In order to map our multi-domain gender indicators to our outcomes of interest, while controlling for potential confounding due to sociodemographic variables, we used a series of conceptual models to guide our thinking (Figs. 1 and 2). Drawing upon the broader conceptual models of the previously described gender analytic framework and the socioecological framework, we positioned our sociodemographic confounders as the foundation upon which many gender is a foundation. We grouped our indicators based on the four domains and drew relationships initially based on these overall groupings. Finally, we applied directed acyclic graph (DAG) notation from our measured indicators to one another, in order to formalize the regression model we intended to run [11] (Fig. 1).

Fig. 1
figure 1

Conceptual framework with directed acyclic graph notation of gender indicator variables and their associations between one another and with health outcomes

Fig. 2
figure 2

Conceptual framework of social power and equality in relationships and the impact of concordance or discordance in the relationship on health outcomes. Note: “Women +” refers to women’s endorsement of these gender variables as measured in our survey, while “Women -” refers to lack of endorsement. Similarly, “Men +” refers to men’s endorsement while “Men -” refers to their lack of endorsement of gender power dynamic variables. We hypothesize that men carry more social power in patriarchal societies than women, and that endorsing positive gender variables relates to greater equality within the relationship/marriage. We highlight here that it is the overlap and lack thereof of their gender variable endorsement (concordance or discordance of responses) that is of interest in this analysis of health outcomes

These conceptual models examined women’s gender norms and beliefs, decision-making ability, access to resources, and paid labor and responsibility-sharing in the household. We also applied an extended framework to incorporate complimentary measures in the men’s survey. Utilizing a paired analytic approach, we limited our analyses to men’s and women’s responses who could be paired from the survey’s relational data. We hypothesize that social power and equality exist on two axes that men’s and women’s concordant or discordant responses to gender variable questions can then influence health outcomes (Fig. 2). To simplify the discussion of the discordance analyses, “men discordant” refers to when the men endorsed an item and their wife/partner did not; whereas, “women discordant” refers to when the women endorse an item and their husband/partner did not.

Major outcome variables

The gender variables were assessed against 18 existing women’s health and health system access outcome indicators, spanning three levels: individual, family, and health system. Individual outcomes included whether a woman breastfed her last child. Family outcomes included those requiring consent or input from both partners, such as whether a woman used condoms or contraception during her last sexual encounter with their partner/husband. Health system access outcomes included outcomes that were at least partially dependent on health facility capacity and availability, such as whether a woman received Antenatal Care (ANC) from a skilled health care provider. We removed health outcomes from our analyses that had poor performance in prior RADAR coverage surveys, such as whether a skilled provider was present at a woman’s most recent delivery.

Statistical analysis

We conducted the following statistical analyses:

Descriptive analysis of all men and all women

We undertook initial descriptive analyses to understand the distribution of gender variables within the sample population. For this assessment, we identified men and women residing in the same household. In addition, multiple men or women from the same household could be included in the main analysis, however additional people beyond the head of household and their partner were removed in the paired analysis.

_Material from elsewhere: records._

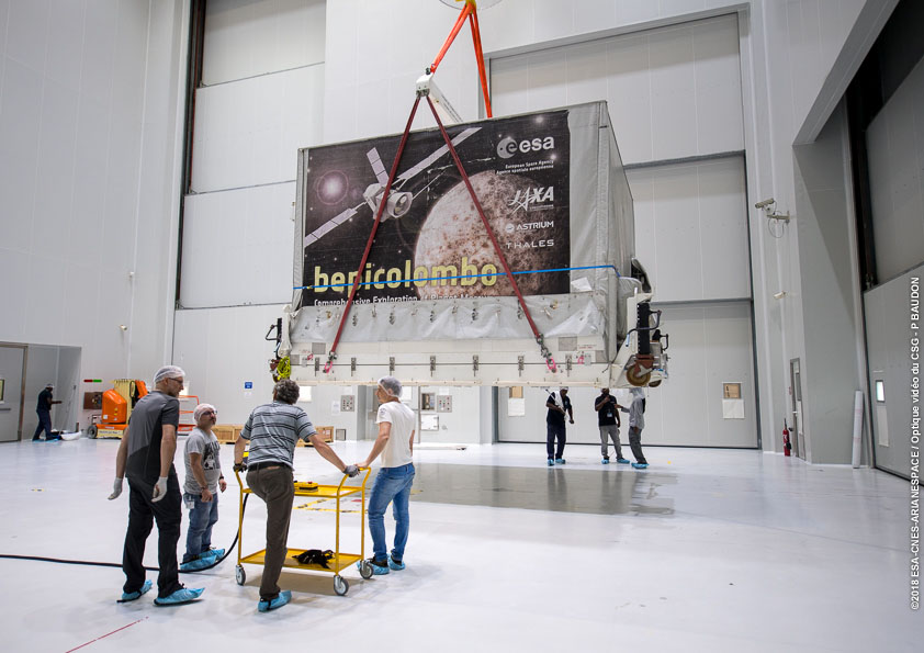 The shipping container with ESA's Mercury Planetary Orbiter (MPO) of the ESA–JAXA BepiColombo mission arrives at Europe's Spaceport in Kourou for launch preparations.
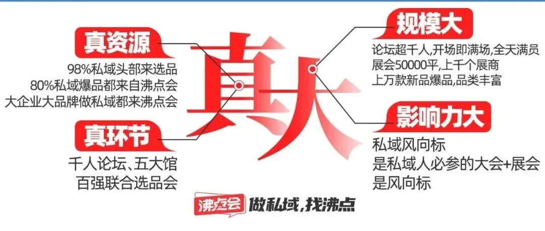 打完北方市场,接下来的南方战场,绝对是所有私域人不能错过的重头戏!8 月 8-9 日,沸点会广州站,就要在广州保利世贸博览馆正式开启,而这场展会的规模和资源,真的超出你的想象!
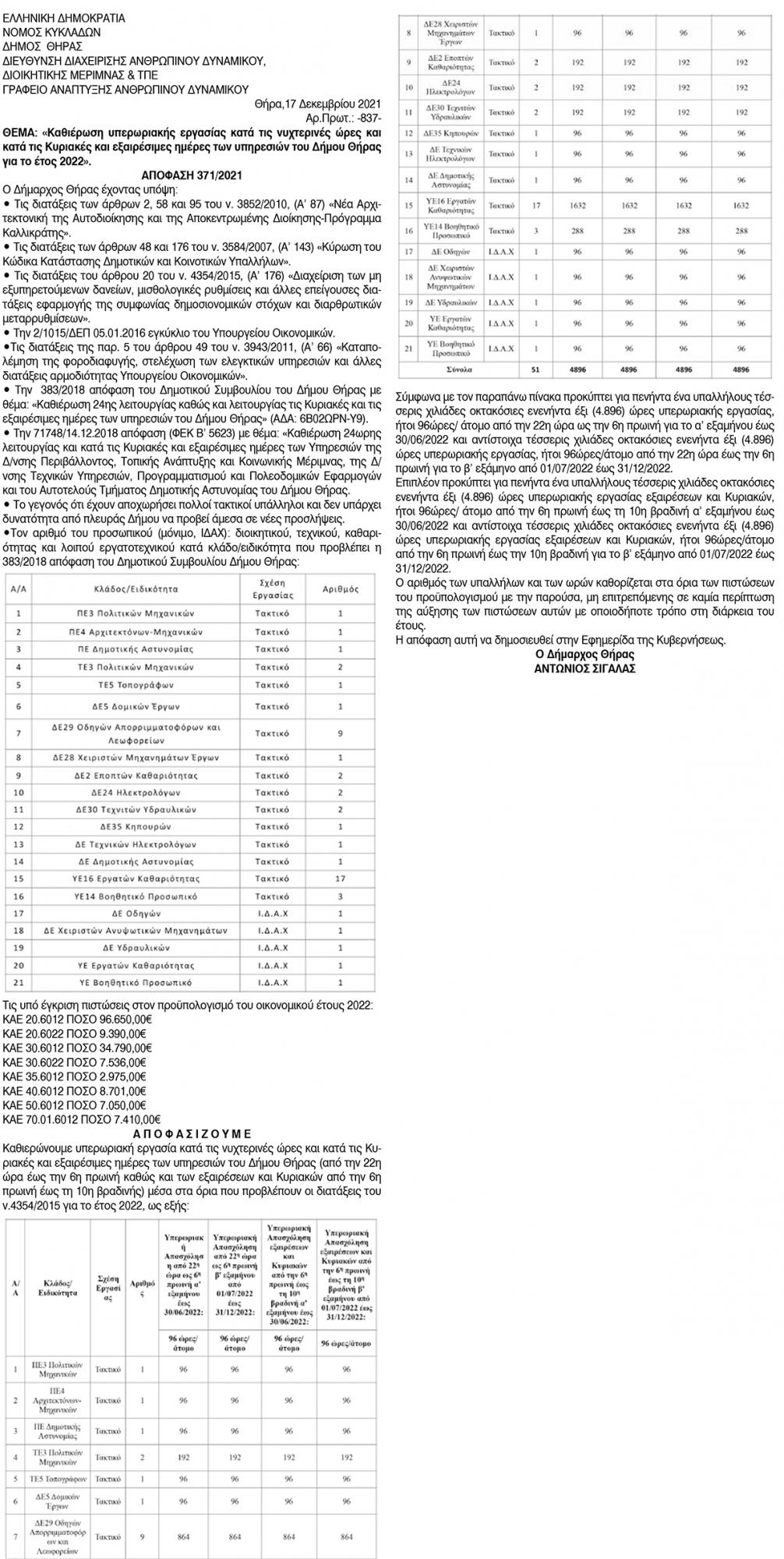 Καθιέρωση υπερωριακής εργασίας κατά τις νυχτερινές ώρες και κατά τις Κυριακές και εξαιρέσιμες ημέρες των υπηρεσιών του Δήμου Θήρας για το έτος 2022 Κείμενο Βλέπε εικόνα. Αριθμός Φύλλου: Αριθμός Φύλλου 5850 Κατηγορία: Κατηγορία Απόφαση

Descriptive analysis of paired men and women

We also undertook descriptive analysis among paired men and women who were married to one another. We restricted our analysis to men who were heads of their households and their wives/partners. This is due to data availability; in the household roster, each household member’s relationship was recorded with respect to the head of household. We calculated the percent agreement and Pearson’s correlation coefficient for each of the responses between couples. Polygamous unions were not delineated from other unions, and only the primary husband-wife pair were included in the analysis.

Inferential analysis

In order to conserve power, we generated 2 × 2 contingency tables for each gender variable and health outcome. If a contingency table had fewer than 10 cases in any given cell, we excluded the corresponding dependent/independent variable model from analysis. We then calculated logistic or linear regressions for each health outcome and the gender variables of interest, as applicable. We used a false discovery rate (FDR) method to adjust for multiple testing while maintaining power in items with fewer responses due to the survey skip pattern. Our intended significance threshold was defined as P < 0.05.

We also generated an overarching DAG to conceptualize the relationship between gender variables and our health outcomes of interest. For health outcomes that showed consistent unadjusted associations with 2 or more gender variables, we generated more detailed DAGs that used individual gender variables in order to inform adjustment in subsequent regression models. For all unadjusted models that had statistical significance, we used models adjusting for covariates identified in the DAGs, including women’s and men’s education, household wealth quintile, and women’s and men’s ages.

Sampling weights were accounted for in the survey design and for household and individual non-response. All analyses were weighted and used the Taylor linearization method to adjust standard errors for the effects of clustering and stratification. Data cleaning was conducted in Stata 14 [39]. All statistical analyses were performed using the R Statistical Software version 4.0.2 [40].

Results

Sociodemographic results

Across 2002 households in northern Tanzania, there were 2528 female respondents and 1000 male respondents (Table 1). The majority of households were from rural areas (weighted N [wN] = 2002, 74.0%).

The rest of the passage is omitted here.